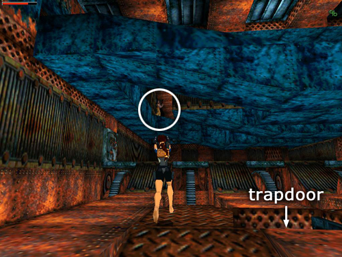 FLOODED BURNER ROOM: Now that it's underwater, you can reach the lever just inside on the right (i.e., above and to the left of the entrance if you turn around to face it). (screenshot) If you need air, head for the opening in the ceiling of the little room to the left of the lever (i.e., above the switch you pulled to turn off the burners). Fill Lara's air meter then swim back into the burner room and straight across to the door you just opened. Otherwise, immediately after pulling the lever, roll and swim through the door and down through an opening in the floor.
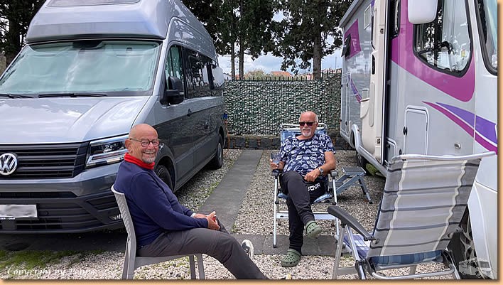 | Danke Josef für den Tipp und auch an die netten Camper die uns heute mit Ratschlägen zur Seite gestanden sind. Am Abend werden natürlich auf's gute Gelingen ein (oder zwei) Gläser getrunken, alles gut gegangen, ciao bis morgen! |
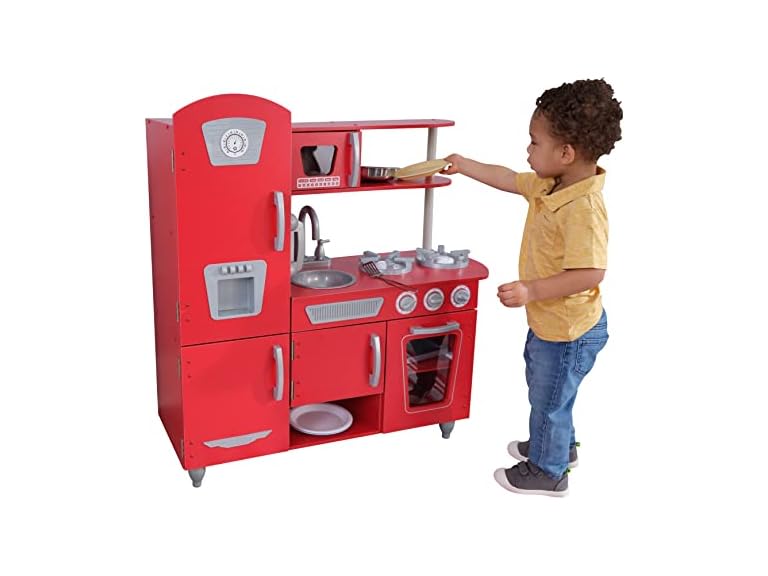- (1) KidKraft Red Vintage Wooden Play Kitchen with Stainless Steel-Look Trim, Play Phone
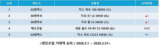소비자 수요는 검증된 브랜드 제품에 집중됐다. 3월 엔진오일 거래액 상위권에는 GS칼텍스 킥스 파오 100 0W30, SK엔무브 지크 X7 LS 5W30, SK엔무브 지크 탑 LS 5W30, 에쓰오일 세븐 골드 #9 RV C3 5W30, GS칼텍스 킥스 파오 C2/C3 5W30 등이 이름을 올렸다.
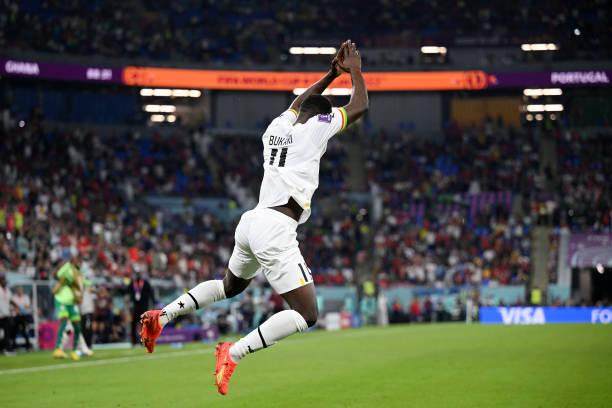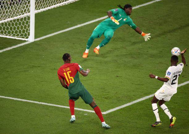 第55分钟,加纳快速反击,库杜斯狂奔50米后在左路单刀远射,皮球贴着草皮从球门右侧门柱划出。

▸ **HOW TO COMPLETE THIS TASK**:
Copy the whole listing above word for word but do not carry over the pictures.

▸ **WRITTEN ANSWER**:
 FLOODED BURNER ROOM: Now that it's underwater, you can reach the lever just inside on the right (i.e., above and to the left of the entrance if you turn around to face it). (screenshot) If you need air, head for the opening in the ceiling of the little room to the left of the lever (i.e., above the switch you pulled to turn off the burners). Fill Lara's air meter then swim back into the burner room and straight across to the door you just opened. Otherwise, immediately after pulling the lever, roll and swim through the door and down through an opening in the floor.
 | Danke Josef für den Tipp und auch an die netten Camper die uns heute mit Ratschlägen zur Seite gestanden sind. Am Abend werden natürlich auf's gute Gelingen ein (oder zwei) Gläser getrunken, alles gut gegangen, ciao bis morgen! |
- (1) KidKraft Red Vintage Wooden Play Kitchen with Stainless Steel-Look Trim, Play Phone
소비자 수요는 검증된 브랜드 제품에 집중됐다. 3월 엔진오일 거래액 상위권에는 GS칼텍스 킥스 파오 100 0W30, SK엔무브 지크 X7 LS 5W30, SK엔무브 지크 탑 LS 5W30, 에쓰오일 세븐 골드 #9 RV C3 5W30, GS칼텍스 킥스 파오 C2/C3 5W30 등이 이름을 올렸다.
 第55分钟,加纳快速反击,库杜斯狂奔50米后在左路单刀远射,皮球贴着草皮从球门右侧门柱划出。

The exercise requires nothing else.